===== DATA IN THIS EXERCISE

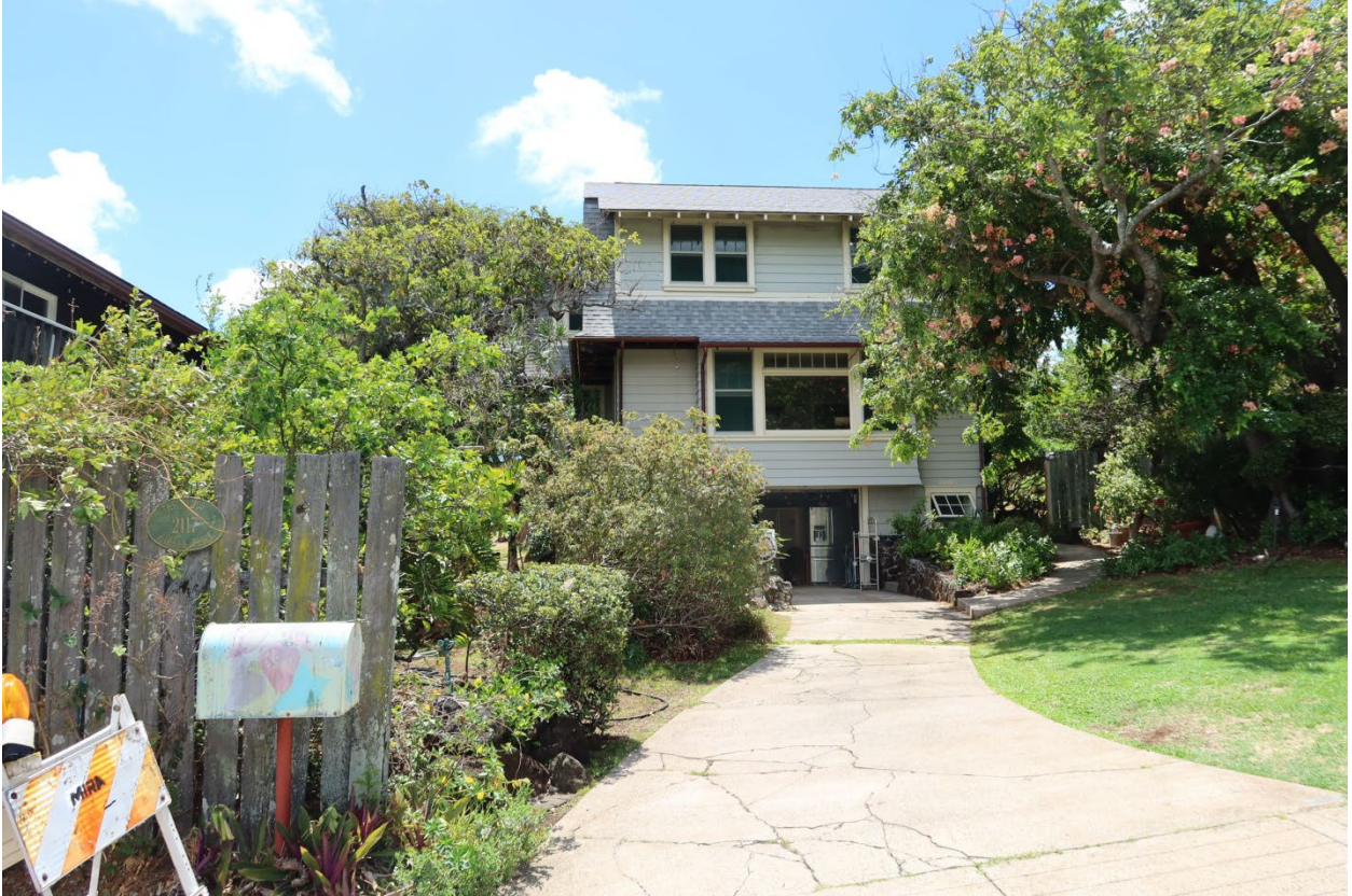
View of the front from the north
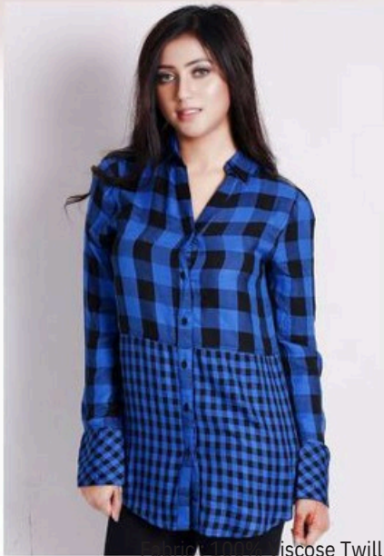
Fabric : 100% Viscose Twill Y/D 30 X 30 / 90 X 68 130 GSM
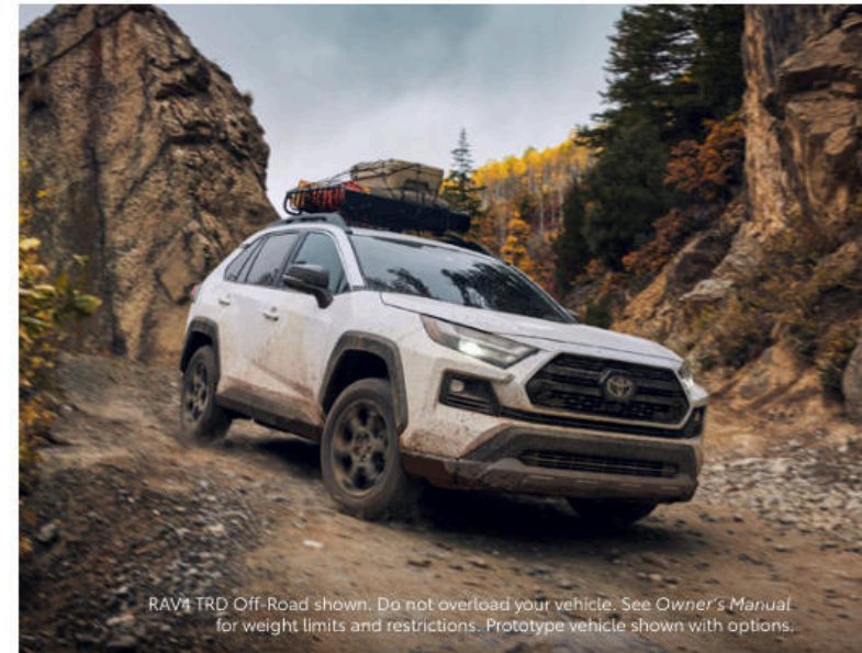
RAV4 TRD Off-Road shown. Do not overload your vehicle. See Owner's Manual for weight limits and restrictions. Prototype vehicle shown with options.
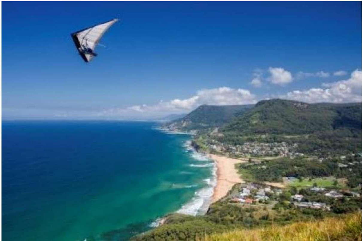
Image 20 – Bald Hill is a world renowned location for hang gliding as it is perched high above the adjacent coastline offering spectacular views. As good as these views are, bikers will probably spend more time looking at all the bikes and talking to other riders.
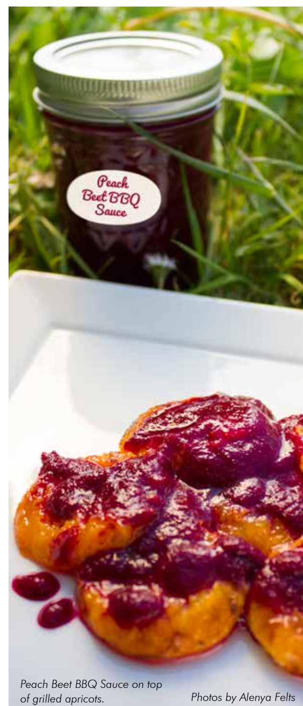
Peach Beet BBQ Sauce on top of grilled apricots.
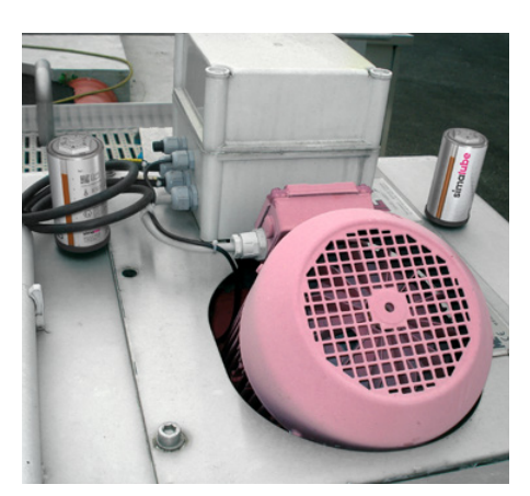
Lubricating conveyor chains with oil. The lubricators are attached to the outside of the housing. The oil is transported to the chain via a tube.
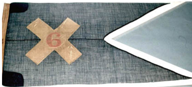
The Headquarters Flag of the Sixth Army Corps
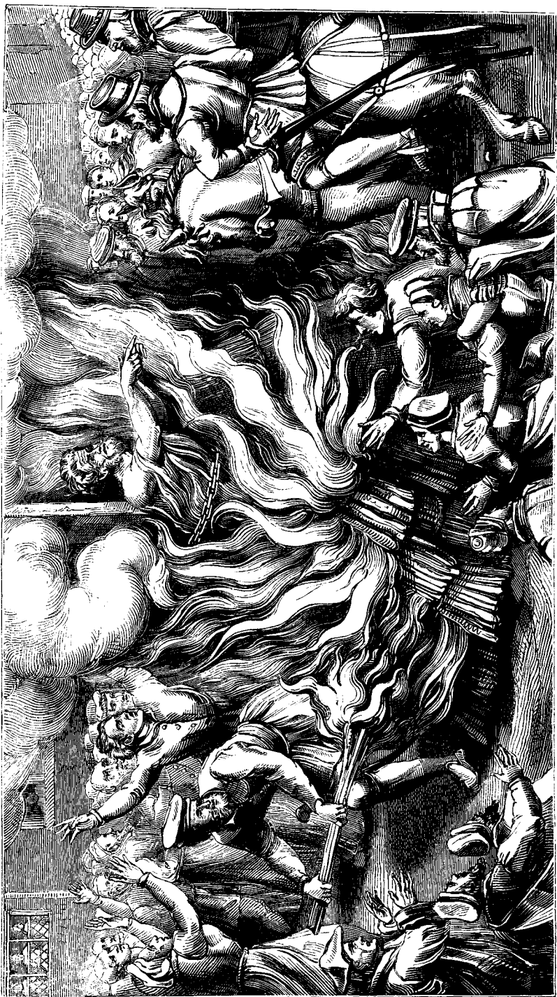
THE BURNING OF MASTER JOHN ROGERS, VICAR OF ST. SEPULCHRE'S.
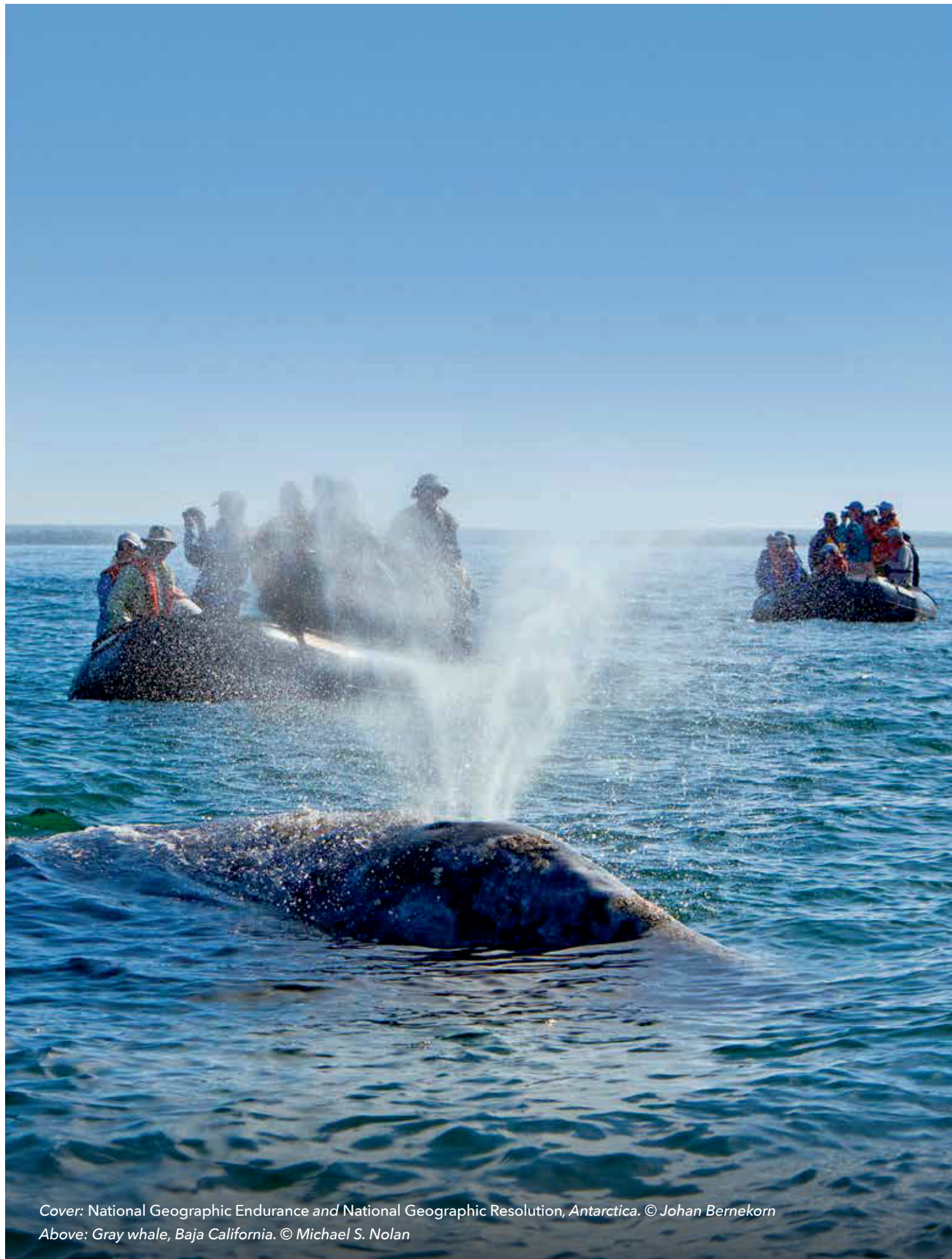
Cover: National Geographic Endurance and National Geographic Resolution, Antarctica. Above: Gray whale, Baja California.
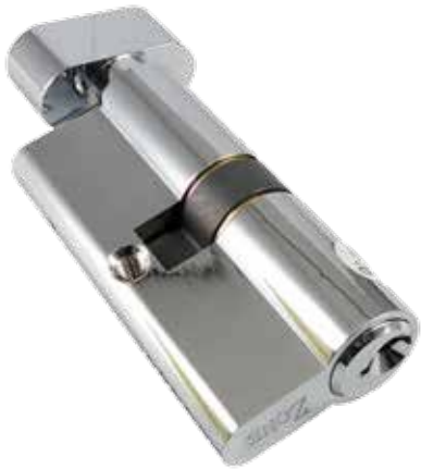
65MM手扭葫蘆膽(光叻色) Euro Profile Cylinder and Turn, Polished Chrome Finish
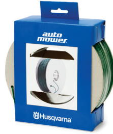
LOOP WIRE 577 86 43-01
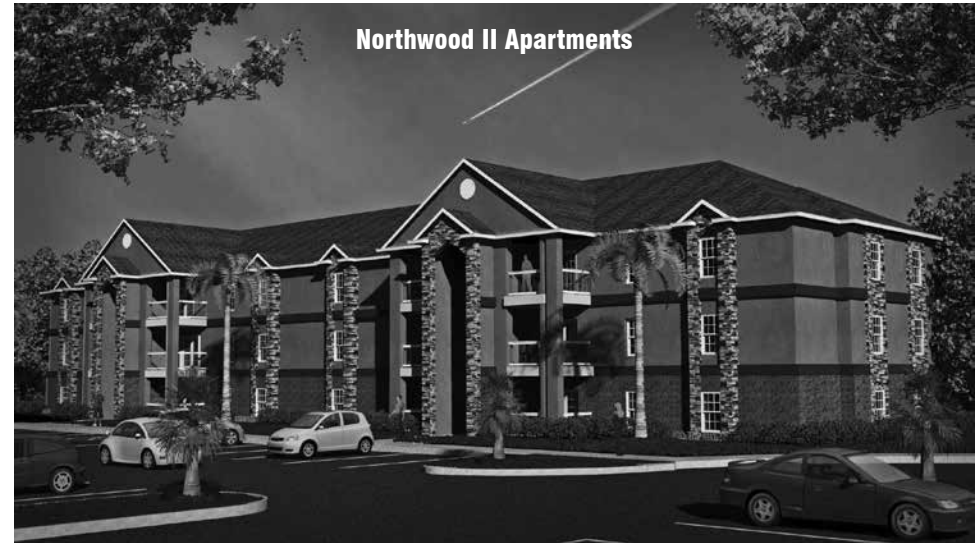
Northwood II Apartments
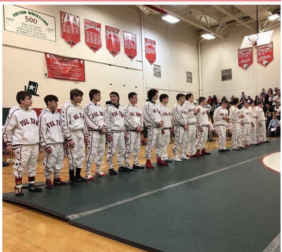
On Wednesday, December 5, the GRB wrestlers faced off against Central Square. They won easily with a score of 65-14 to solidify their first dual win of the season.
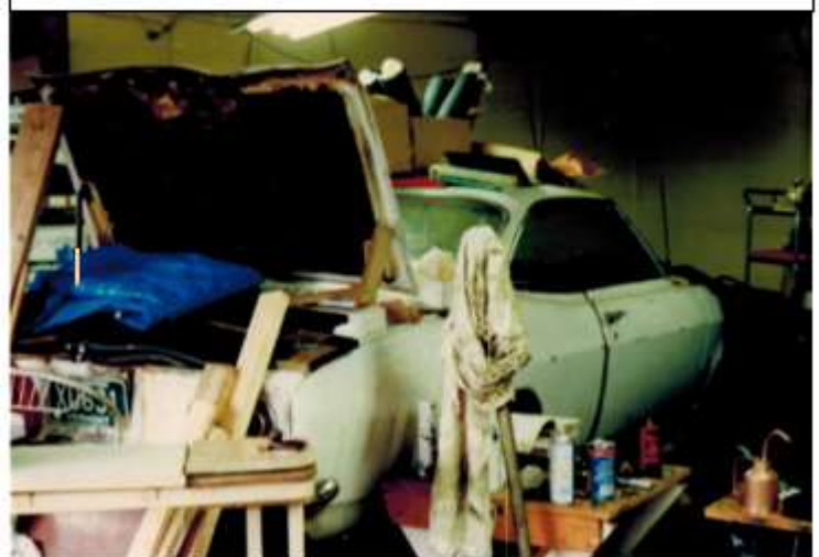
Corvair after bringing it home from the salvage yard in 1988 (engine lid required replacement)

I tried to get the Corvair engine started but the starter would just make the dreaded 'chezzzzz' sound of the starter gear grinding out on the torque converter ring gear. I removed the starter to find a very ground down ring gear on the torque converter. I was able to turn the engine freely but it would 'lock' about half way
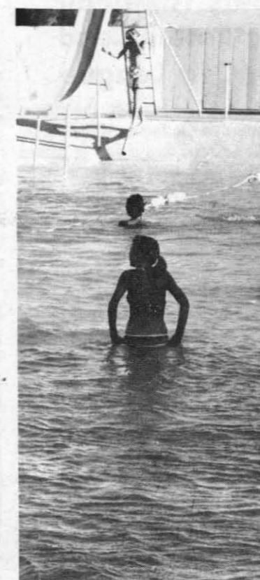
The Junior High School sessions, held in the evenings, were active, busy meetings. A swim party and barbecue held at the NAF swimming pool on the last night of Ecumenical Bible School, brought the group together in fellowship with a songfest after swimming and the evening meal.
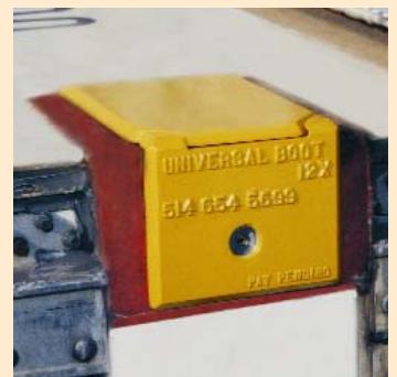
Universal Boot-12 Container Anti-Lifting Protection.
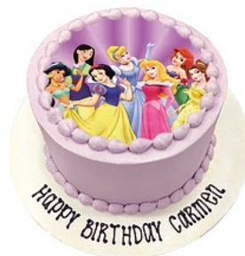
Round Edible Image

edible image will cover 75% of cake, top and bottom border, inscription on cake board
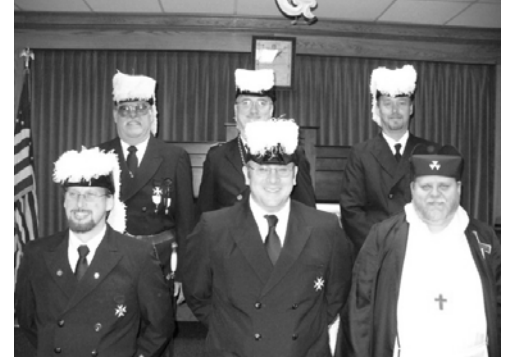
Several members of the Hickory York Rite Ritualistic cast.

The Hickory York Rite held its annual Spring festival in conjunction with the Wilkesboro and Lenoir lodges on Feb 8th and 9th and exemplified the Chapter, Council, and Commandery degrees in full regalia. Congratulations to the 12 new York Rite Masons that participated in the two day ceremony. The Hickory York Rite ritualistic cast did an outstanding performance conducting several of the degrees, culminating in the Order of The Temple (Knights Templar).
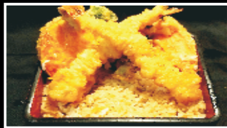
Ten Ju Shrimp & vegetable tempura, served on steamed rice $ 17.95
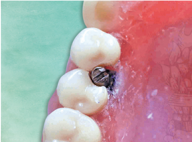
Fig. 4: Transfer pin head is shown after cutting, securing the modified impression coping
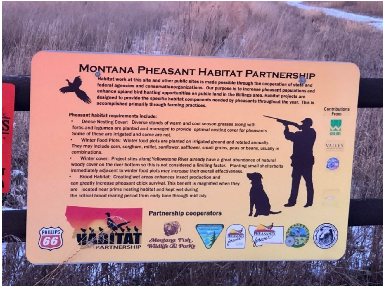
Figure 7. Montana Habitat Partnership sign located at BLM Pompeys Pillar.
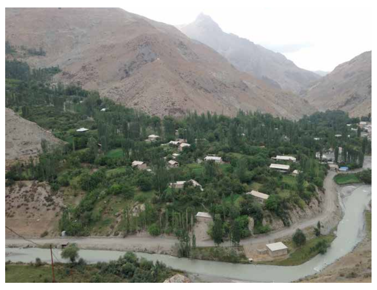
Typical mountainside village surrounded by orchards and woodlands above the banks of the Zimtud river.

Local residents have taken on a greater role in ecological management as they witness the Tajik government failing to meet its official obligations. The Committee for Environmental Protection (CEP) was established in Tajikistan in 2008 to regulate the use of natural resources and ensure their protection. During the Soviet era, this task had been distributed among several ministries and departments, such as the Ministry of Water Melioration, the Ministry of Agriculture, the Ministry of Health, the State Forest Authority, the Administration on Geology and the Committee on Industry. The CEP has struggled to reach basic funding levels and has extremely limited authority if infractions are found. While there is a comprehensive listing of environmental fines and valuations of forest products, this information is not available to the public nor are there CEP officials in rural areas to enforce them.
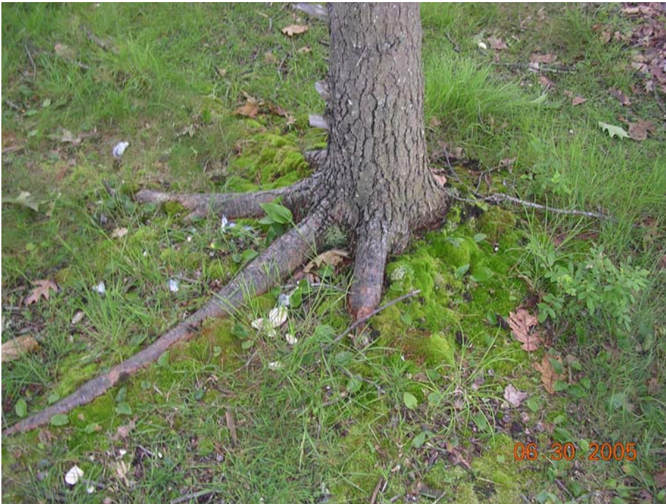
Campsite LSI_C, Photo 113, June 30, 2005
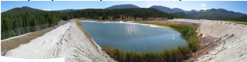
View of the east impoundment on the Lower Tailings Pile

Ecology plans to use a contractor to conduct the Remedial Investigation and Feasibility Study. You may see people at the site conducting investigations and sampling in late summer. The purpose of the Remedial Investigation is to gather more information to clearly define the contaminants and where they are located. The purpose of the Feasibility Study is to identify and evaluate cleanup alternatives.
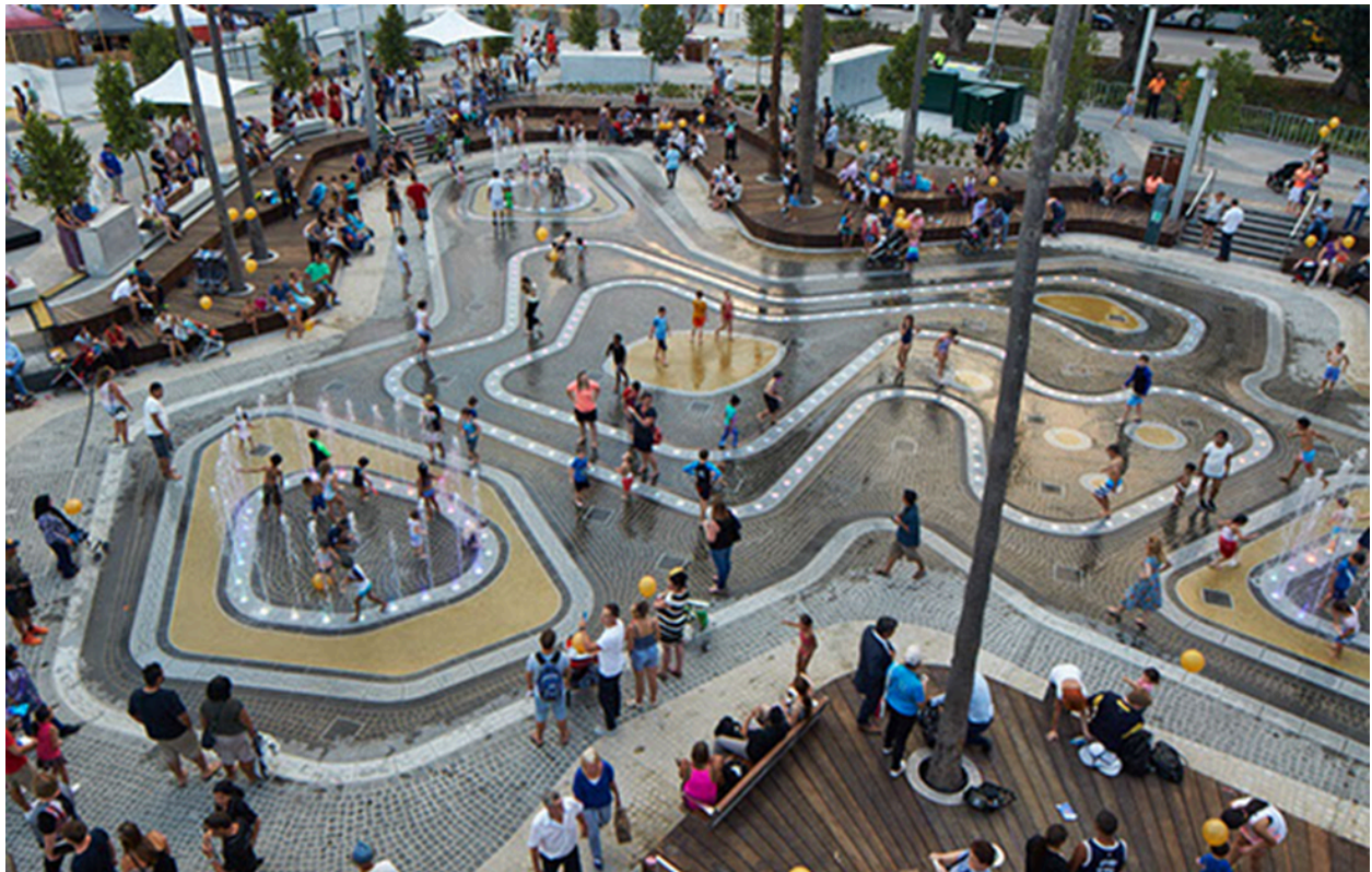
Figure 1. Picture of a water square shown as inspiration for Lachine-Est. Presentation from Montreal water department in Atelier Lachine-Est participatory workshop on ecological innovations, May 6, 2020. project by TCL.

==========

• WHAT NEEDS TO BE DONE: The copy should hold exactly the lines above from the one with "The Hickory York Rite held" through the one with "Typical mountainside village", both ends counted, and no pictures at all.

• COMPLETED TASK:
The Hickory York Rite held its annual Spring festival in conjunction with the Wilkesboro and Lenoir lodges on Feb 8th and 9th and exemplified the Chapter, Council, and Commandery degrees in full regalia. Congratulations to the 12 new York Rite Masons that participated in the two day ceremony. The Hickory York Rite ritualistic cast did an outstanding performance conducting several of the degrees, culminating in the Order of The Temple (Knights Templar).
Ten Ju Shrimp & vegetable tempura, served on steamed rice $ 17.95
Fig. 4: Transfer pin head is shown after cutting, securing the modified impression coping
Figure 7. Montana Habitat Partnership sign located at BLM Pompeys Pillar.
Typical mountainside village surrounded by orchards and woodlands above the banks of the Zimtud river.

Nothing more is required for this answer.